YOUR INSTRUCTIONS
Exactly the lines below from the line with "Umírající stará paní." through the line with "Аккумуляторная снегоуборочная машина" must make up the answer, both ends included and pictures left out.
PROVIDED DATA START
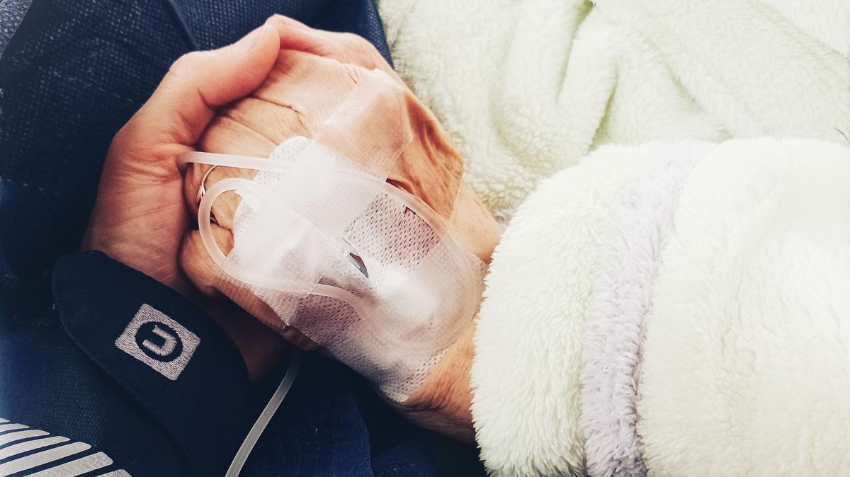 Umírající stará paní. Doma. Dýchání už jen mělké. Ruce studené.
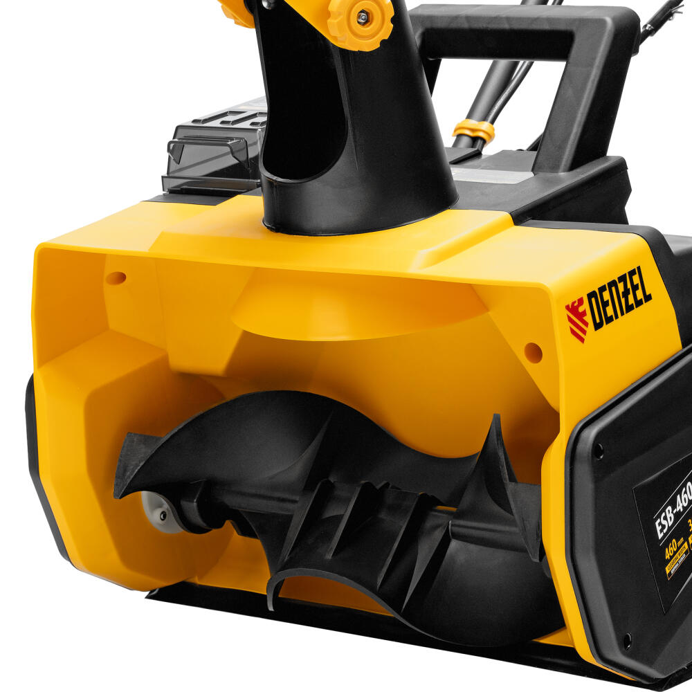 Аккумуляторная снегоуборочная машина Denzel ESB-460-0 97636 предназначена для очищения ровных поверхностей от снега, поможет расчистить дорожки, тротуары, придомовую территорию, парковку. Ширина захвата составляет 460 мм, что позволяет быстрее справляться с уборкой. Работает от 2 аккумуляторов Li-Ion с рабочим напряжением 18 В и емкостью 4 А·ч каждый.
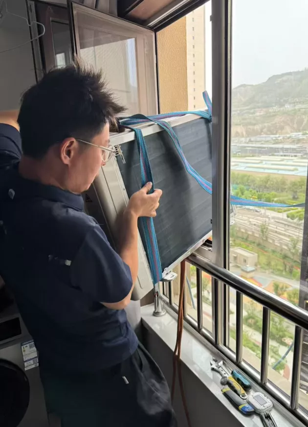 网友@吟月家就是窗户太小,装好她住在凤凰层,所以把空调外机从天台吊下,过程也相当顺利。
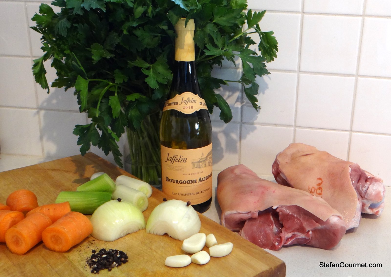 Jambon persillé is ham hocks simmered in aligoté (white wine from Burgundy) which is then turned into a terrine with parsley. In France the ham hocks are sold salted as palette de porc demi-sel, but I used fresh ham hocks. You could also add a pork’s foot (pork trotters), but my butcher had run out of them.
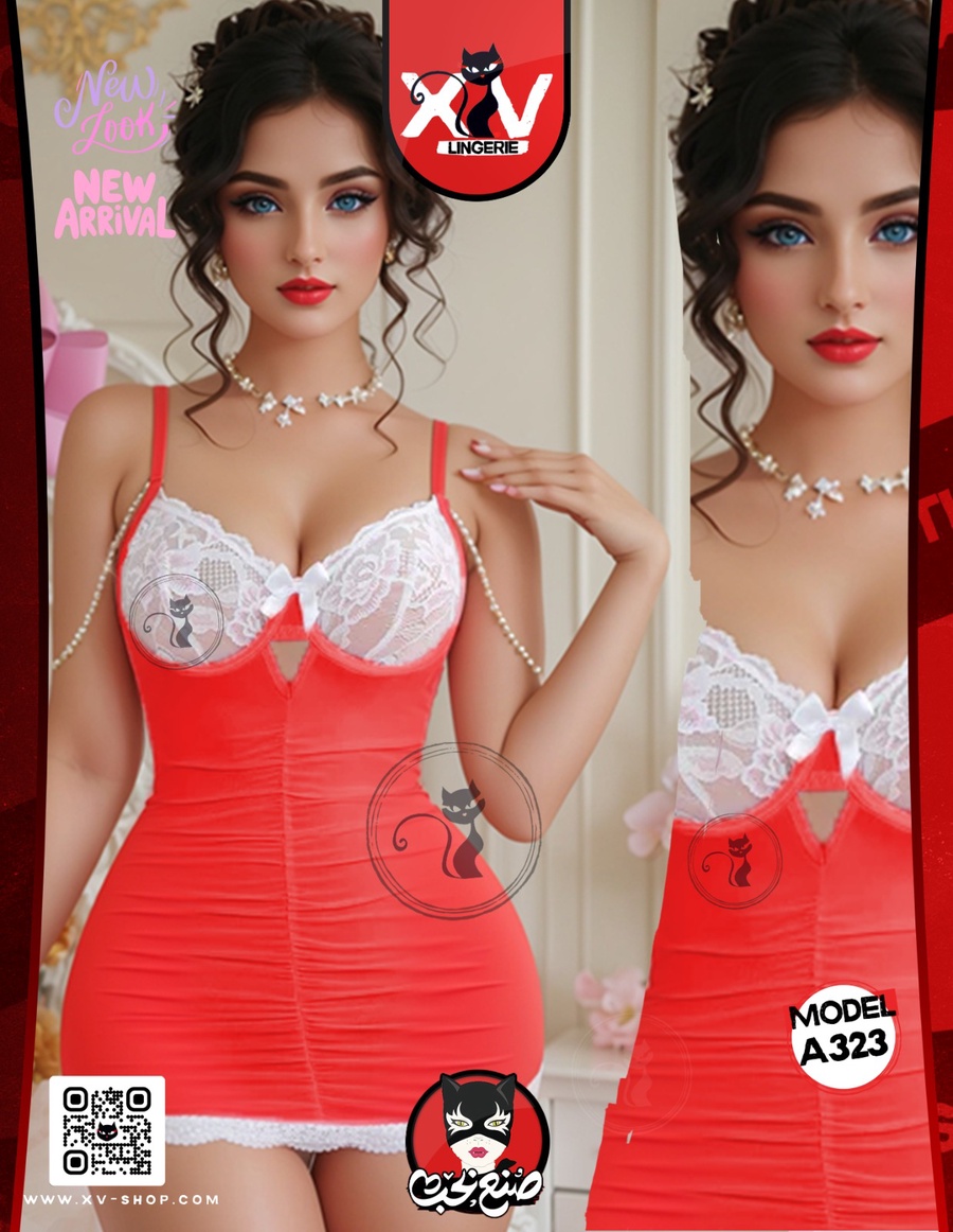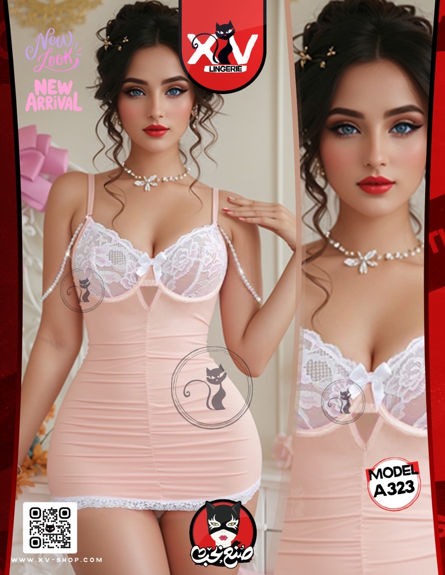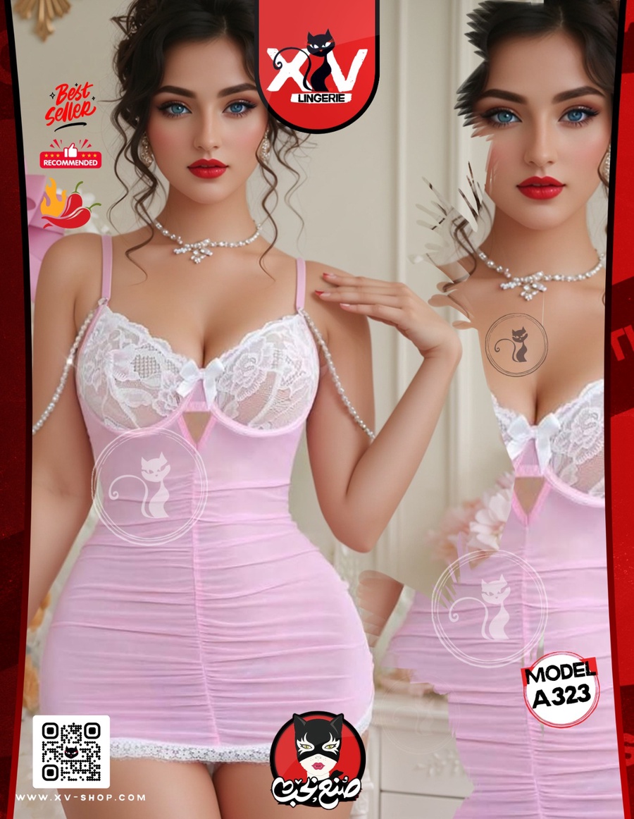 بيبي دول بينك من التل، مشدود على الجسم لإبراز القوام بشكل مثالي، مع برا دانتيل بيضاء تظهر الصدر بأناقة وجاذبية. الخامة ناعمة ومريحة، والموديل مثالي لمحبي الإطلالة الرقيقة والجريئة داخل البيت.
PROVIDED DATA END
PROVIDED DATA START
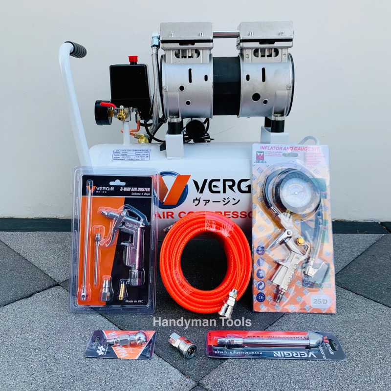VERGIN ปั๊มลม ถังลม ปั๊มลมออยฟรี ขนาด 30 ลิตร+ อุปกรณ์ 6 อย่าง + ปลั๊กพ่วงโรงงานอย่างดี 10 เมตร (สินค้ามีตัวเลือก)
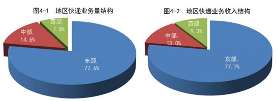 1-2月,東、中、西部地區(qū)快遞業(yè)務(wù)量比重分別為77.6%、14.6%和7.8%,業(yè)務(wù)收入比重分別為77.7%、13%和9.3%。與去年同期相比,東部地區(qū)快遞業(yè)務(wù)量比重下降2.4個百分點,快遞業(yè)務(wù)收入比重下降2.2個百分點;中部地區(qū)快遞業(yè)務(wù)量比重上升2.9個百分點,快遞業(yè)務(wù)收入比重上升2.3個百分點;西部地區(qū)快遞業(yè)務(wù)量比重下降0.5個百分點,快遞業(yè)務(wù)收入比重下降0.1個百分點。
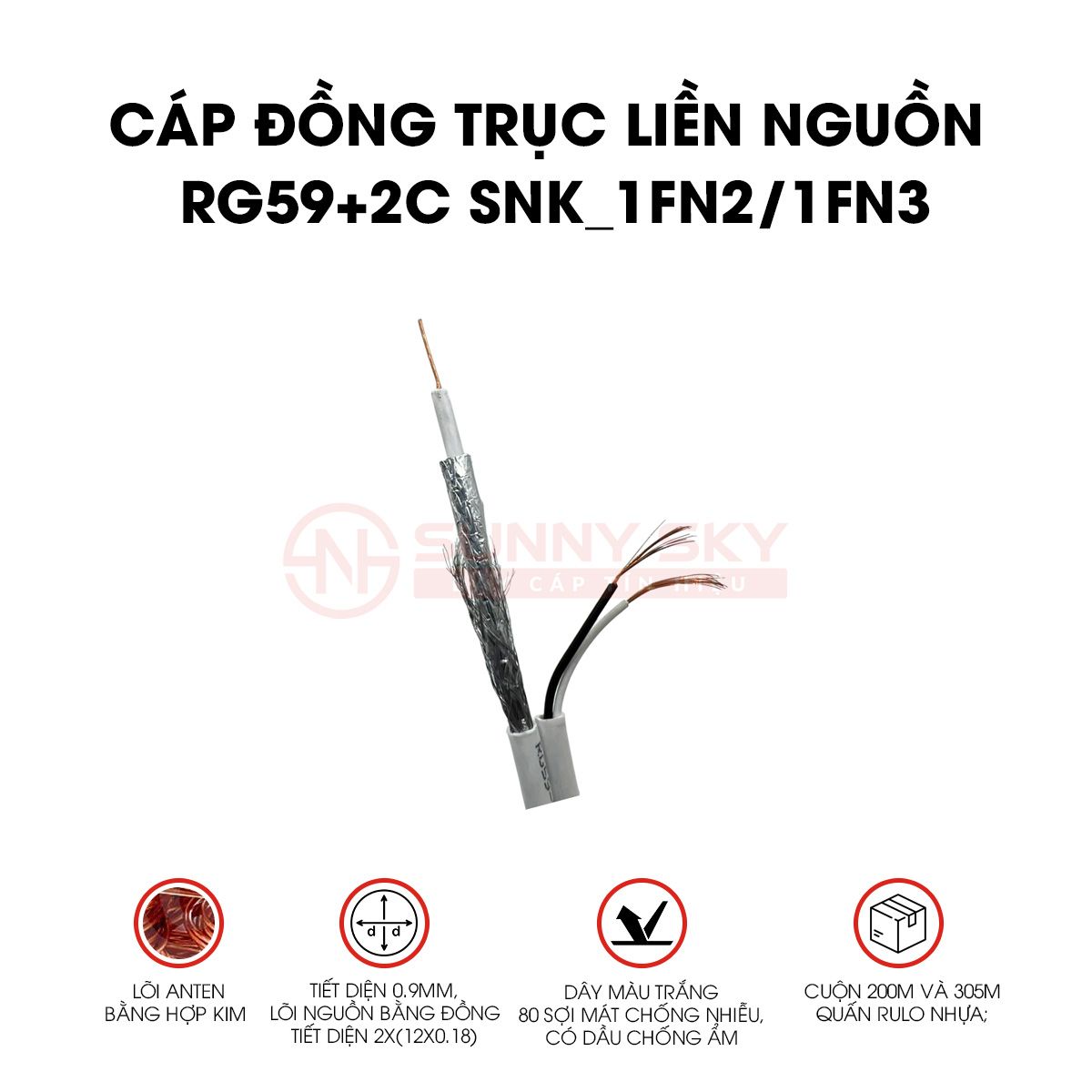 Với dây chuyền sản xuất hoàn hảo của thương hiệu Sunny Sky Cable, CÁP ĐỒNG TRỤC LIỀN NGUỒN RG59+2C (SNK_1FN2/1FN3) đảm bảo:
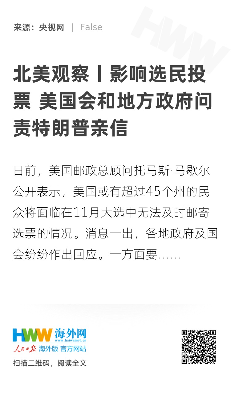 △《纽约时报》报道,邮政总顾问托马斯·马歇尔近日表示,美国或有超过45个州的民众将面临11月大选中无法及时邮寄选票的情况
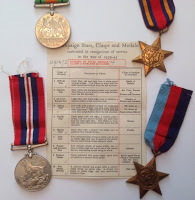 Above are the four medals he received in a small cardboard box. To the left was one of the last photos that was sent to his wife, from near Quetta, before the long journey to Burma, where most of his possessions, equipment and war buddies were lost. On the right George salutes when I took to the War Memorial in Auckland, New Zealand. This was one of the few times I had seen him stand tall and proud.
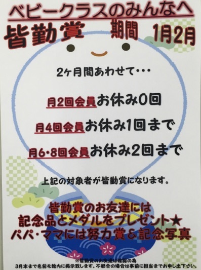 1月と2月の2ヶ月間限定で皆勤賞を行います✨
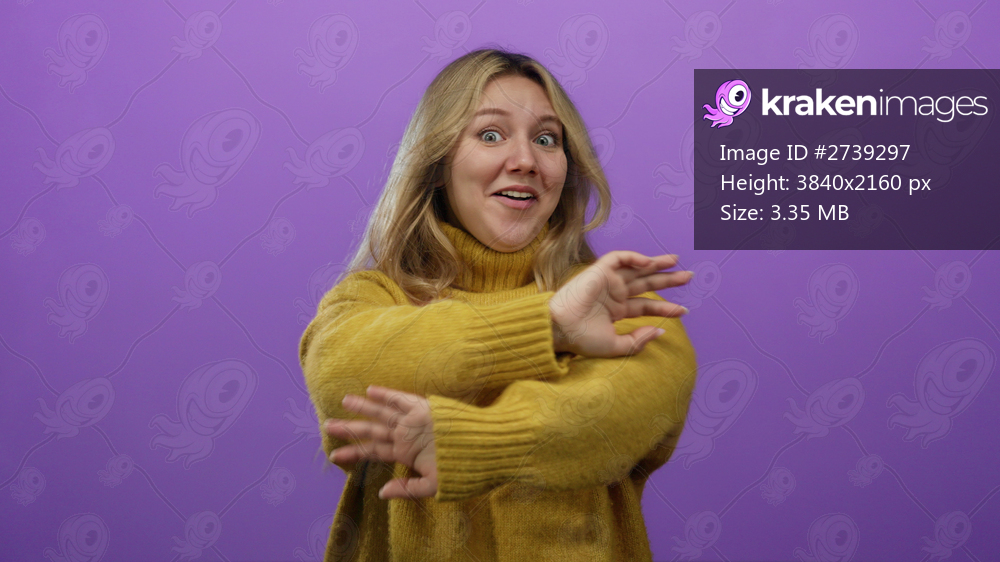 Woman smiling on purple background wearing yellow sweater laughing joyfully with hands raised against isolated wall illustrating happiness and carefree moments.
PROVIDED DATA END
OUTPUT OF THE EXERCISE
 Umírající stará paní. Doma. Dýchání už jen mělké. Ruce studené.
 Аккумуляторная снегоуборочная машина Denzel ESB-460-0 97636 предназначена для очищения ровных поверхностей от снега, поможет расчистить дорожки, тротуары, придомовую территорию, парковку. Ширина захвата составляет 460 мм, что позволяет быстрее справляться с уборкой. Работает от 2 аккумуляторов Li-Ion с рабочим напряжением 18 В и емкостью 4 А·ч каждый.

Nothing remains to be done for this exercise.